Il est au-delà de la portée de cette chronique de prendre position. Au lieu de cela, mon objectif est de vous faire prendre conscience que beaucoup dépend de votre lecture de l’histoire.

L’impact d’une règle de dépenses plus faible

combien? Considérez qu’avec une règle de 1,9 %, vous seriez en mesure de dépenser 19 000 $ par année à la retraite pour chaque million de dollars de la valeur de départ de votre portefeuille à la retraite. Avec une règle de 4 %, vous pourriez dépenser 40 000 $ par an, et une règle de 6 % vous permettrait de dépenser 60 000 $. Les différences dans ces montants se traduisent par la différence entre une retraite confortable et à peine grattée.

Et notez que cette hypothèse est basée sur un portefeuille de retraite de 1 million de dollars. Comme je l’ai souligné dans ma chronique d’il y a un mois sur ce sujet, seuls 15 % des comptes de retraite de Vanguard valent même 250 000 $. La crise des retraites est donc potentiellement bien pire que ce que nous savions déjà.

À cet égard, je souhaite corriger une autre statistique que j’ai rapportée dans ma chronique d’il y a un mois qui a exagéré à quel point cette crise pourrait être grave. J’ai écrit que, selon une analyse des données de la Réserve fédérale par le Center of Retirement Research (CRR) du Boston College, seuls 12% des travailleurs ont un compte de retraite en premier lieu. Ce que j’aurais dû dire, c’est que seulement 12 % ont un régime à prestations déterminées, c’est-à-dire une pension. 33 % supplémentaires ont un régime à cotisations définies, comme un 401(k) ou un IRA.

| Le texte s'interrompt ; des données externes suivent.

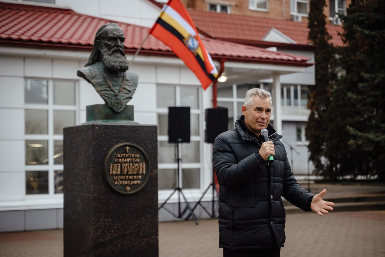 «Мы открываем памятник одному из самых почитаемых святых. Служение святого Луки проходило и на Курской земле, здесь он сделал свои первые шаги в хирургии. Нашему главному лечебному учреждению — Курской областной многопрофильной клинической больнице присвоено имя Святителя Луки», — отметил Александр Хинштейн.

Cela signifie tout de même que plus de la moitié des travailleurs n’ont pas de régime de retraite. La situation est donc bien sombre. Ce n’était tout simplement pas aussi grave que je le disais.

Mark Hulbert est un contributeur régulier de MarketWatch. Son Hulbert Ratings suit les bulletins d’investissement qui paient des frais fixes pour être audités. Il peut être contacté à [email protected].